■ EXERCISE AIM
Write the listing below out again exactly, dropping the images.

■ DATA PROVIDED
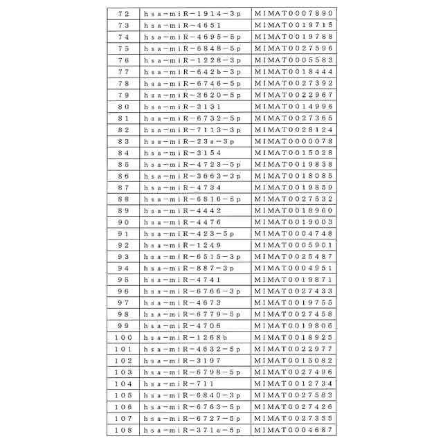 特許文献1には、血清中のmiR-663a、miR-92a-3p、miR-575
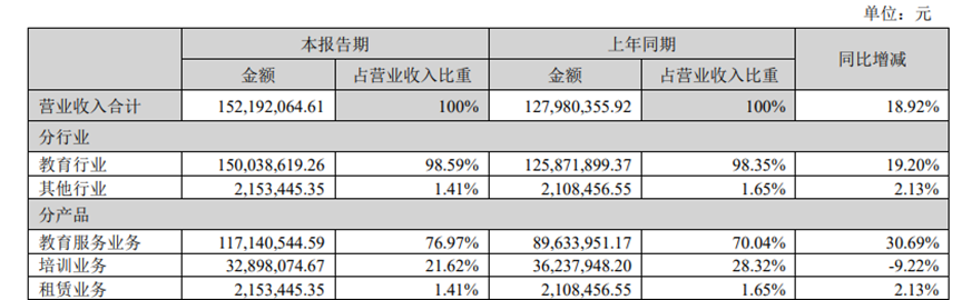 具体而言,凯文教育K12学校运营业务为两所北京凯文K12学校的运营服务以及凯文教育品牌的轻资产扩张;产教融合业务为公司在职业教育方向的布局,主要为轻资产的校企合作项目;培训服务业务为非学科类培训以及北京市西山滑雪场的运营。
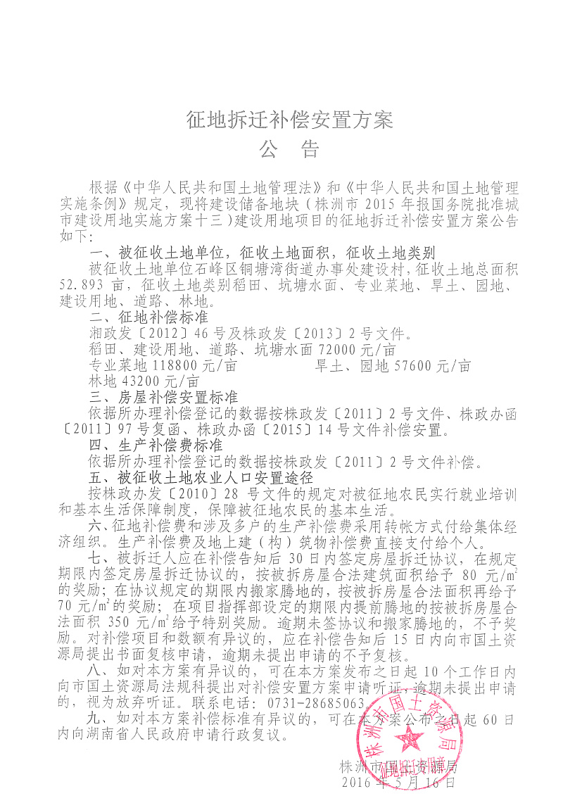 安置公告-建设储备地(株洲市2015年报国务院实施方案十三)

■ COMPLETED TASK
 特許文献1には、血清中のmiR-663a、miR-92a-3p、miR-575
 具体而言,凯文教育K12学校运营业务为两所北京凯文K12学校的运营服务以及凯文教育品牌的轻资产扩张;产教融合业务为公司在职业教育方向的布局,主要为轻资产的校企合作项目;培训服务业务为非学科类培训以及北京市西山滑雪场的运营。
 安置公告-建设储备地(株洲市2015年报国务院实施方案十三)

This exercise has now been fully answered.